• Exercise directions
Set down, exactly as written, the lines from the top of the data to the line that holds "Em Paricatuba a", and omit the pictures.

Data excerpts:

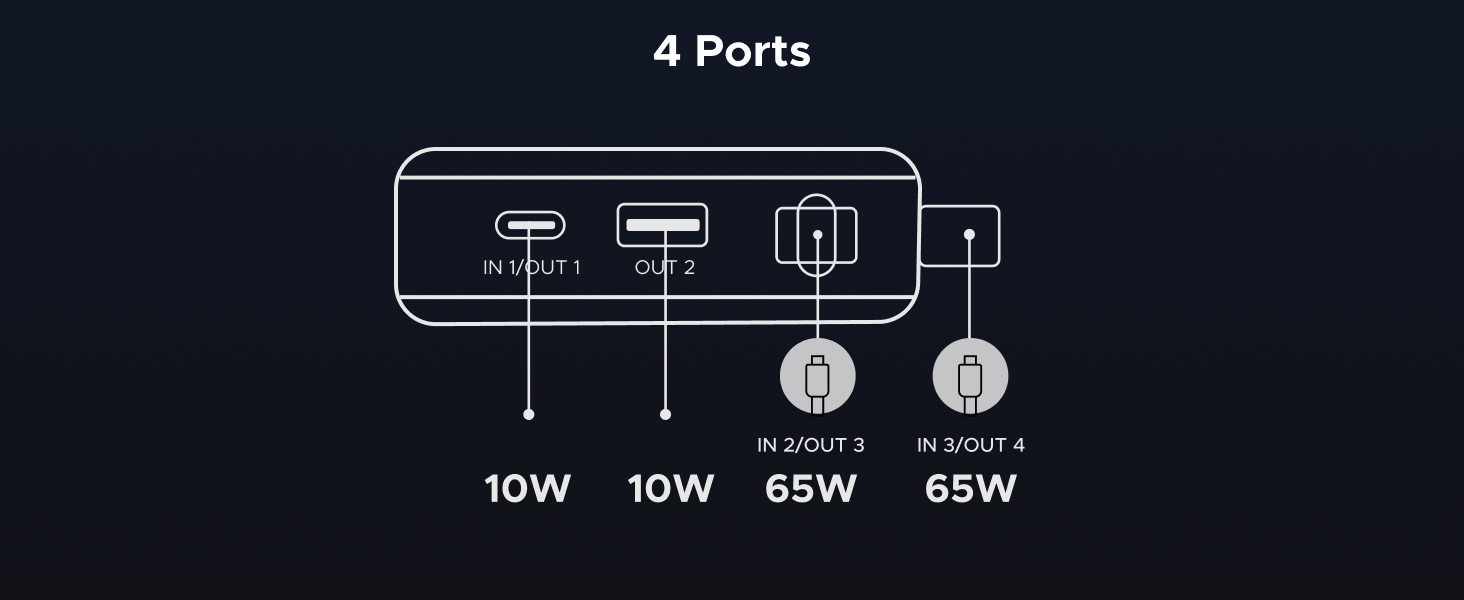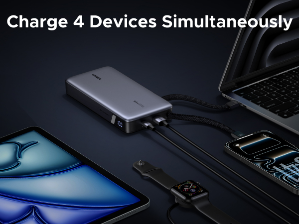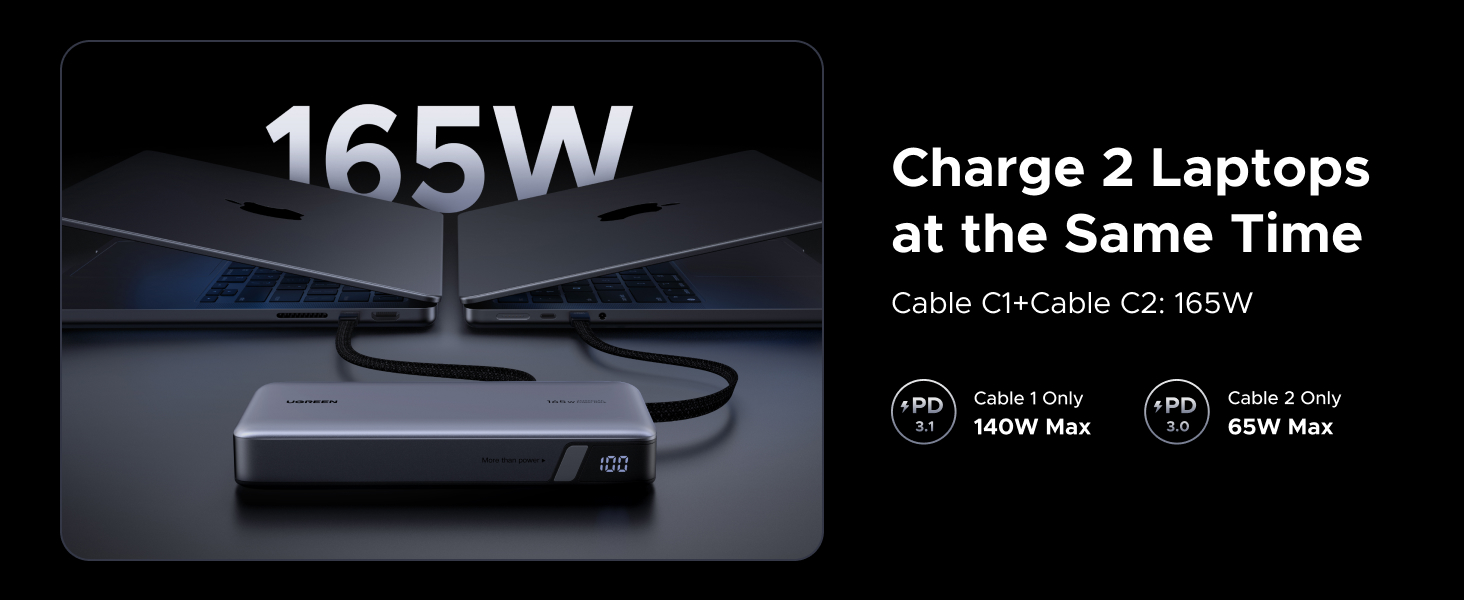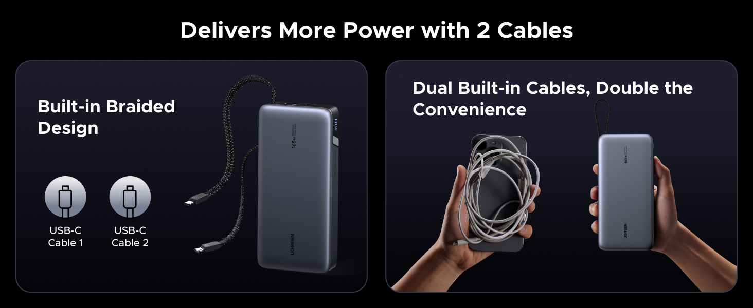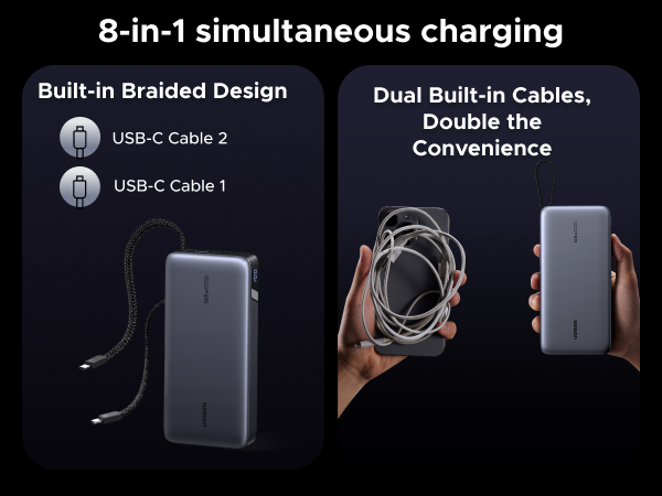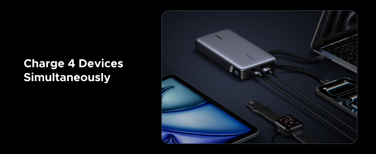 - 165W High-Speed Charging with 4 Ports: This power bank delivers a total output of 165W, featuring two built-in USB-C cables and two additional ports (USB-C + USB-A). Charge up to 4 devices at the same time, making it the perfect all-in-one power station
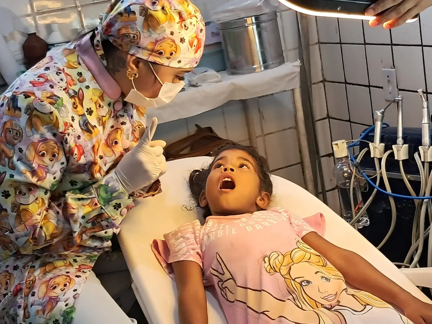 Em Paricatuba a mobilização aconteceu na Unidade de Saúde da Família (USF) e na Escola Municipal de Educação Infantil (EMEI) Governador Alacid Nunes, localizada na estrada de acesso à Ilha de Mosqueiro. O objetivo central foi inserir o cuidado odontológico na rotina dos pequenos, transformando o medo do dentista em um momento de aprendizado e acolhimento.
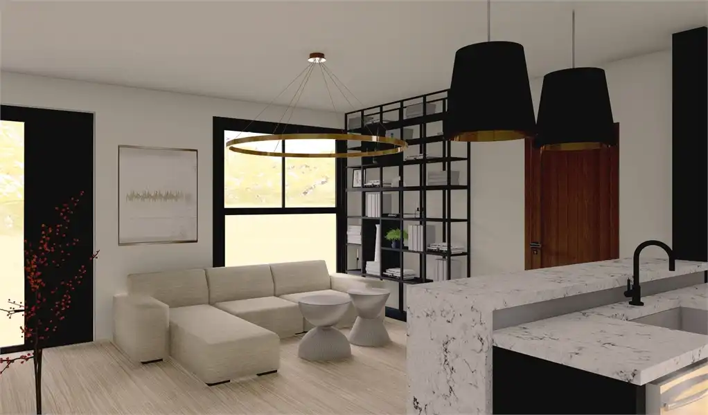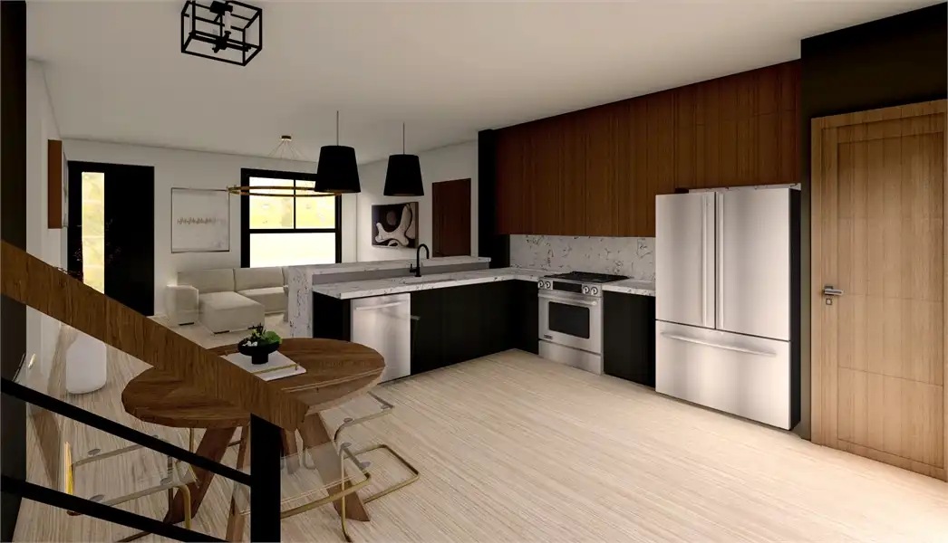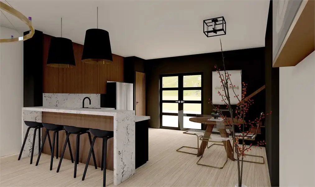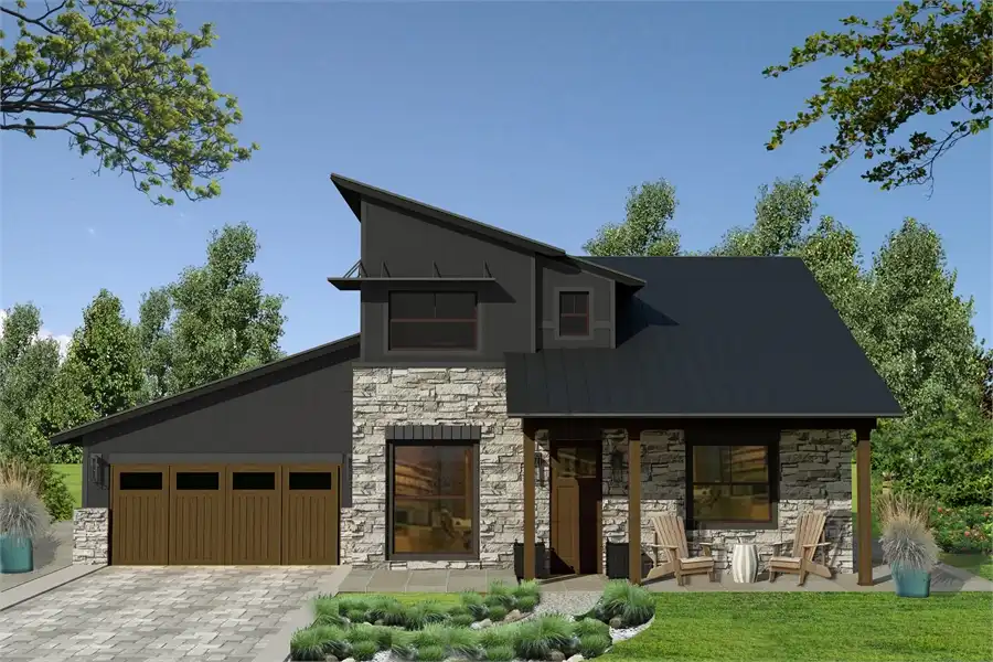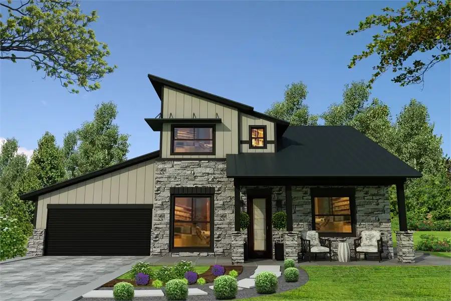 The Greenview,’ a customer favorite. The Raven incorporates new modifications based directly on feedback from our customers, so this plan is ready with all of the updates. Stone cladding and vertical vinyl siding adorn the exterior, while a sloping, dynamic roofline catches the eye and offers the contemporary style has become so desirable. An attached two-car garage provides ample space for this home to comfortably provide for a working family in any environment. For lovers of outdoor living, a small ground-level patio and second-story deck help you kick back at the end of a long day. The interior of The Raven showcases a modern open floor plan, featuring great things such as a peninsula kitchen with bar seating to increase the functional space. The Raven offers 1,603 square feet of living space, full of great benefits at every turn. The kitchen can also host a dining table for a proper meal, while patio doors open on to the back deck, taking the headache out of hosting guests. An addition to the original plan, The Raven now features a half bathroom on the main level to accommodate guests. The main-level master suite also features an updated bathroom layout, complete with his and hers vanities and a large walk-in shower positioned for gorgeous natural lighting. The toilet is tucked away in a water closet for more privacy, while a spacious walk-in closet will easily accommodate any wardrobe. Upstairs is home to two more bedrooms and a full bathroom, as well as the laundry room, making chores convenient. Kids and parents alike will enjoy the roomy second floor loft that opens to the upper deck. This space is great for any variety of uses, from a second living room, game room, exercise room, or whatever else you desire! We’ve included a suggested list of our tried and trusted products in the floor plan and listing below so you know what we used to design The Raven. These Architect Preferred products were used in the finished renderings. If you like this Customer Preferred House Plan but want more outdoor space, check out
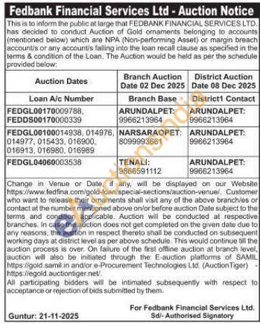 Fedbank Financial Services Ltd Gold Auctions Auction in Guntur
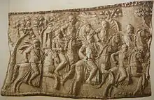 Cavalier romain en cotte de mailles. Détail du Tropaeum Traiani.
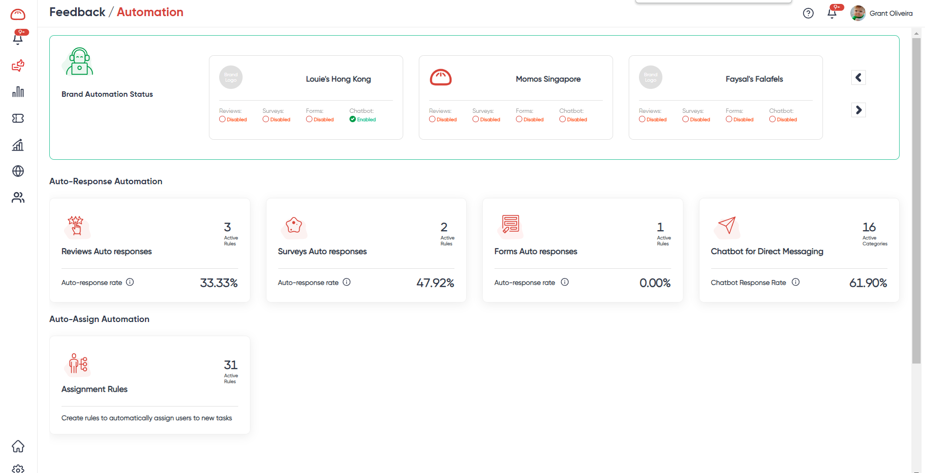 After navigating to the "Automation" page, choose which Feedback channel's auto response you would like to configure.

• Completed exercise
 - 165W High-Speed Charging with 4 Ports: This power bank delivers a total output of 165W, featuring two built-in USB-C cables and two additional ports (USB-C + USB-A). Charge up to 4 devices at the same time, making it the perfect all-in-one power station
 Em Paricatuba a mobilização aconteceu na Unidade de Saúde da Família (USF) e na Escola Municipal de Educação Infantil (EMEI) Governador Alacid Nunes, localizada na estrada de acesso à Ilha de Mosqueiro. O objetivo central foi inserir o cuidado odontológico na rotina dos pequenos, transformando o medo do dentista em um momento de aprendizado e acolhimento.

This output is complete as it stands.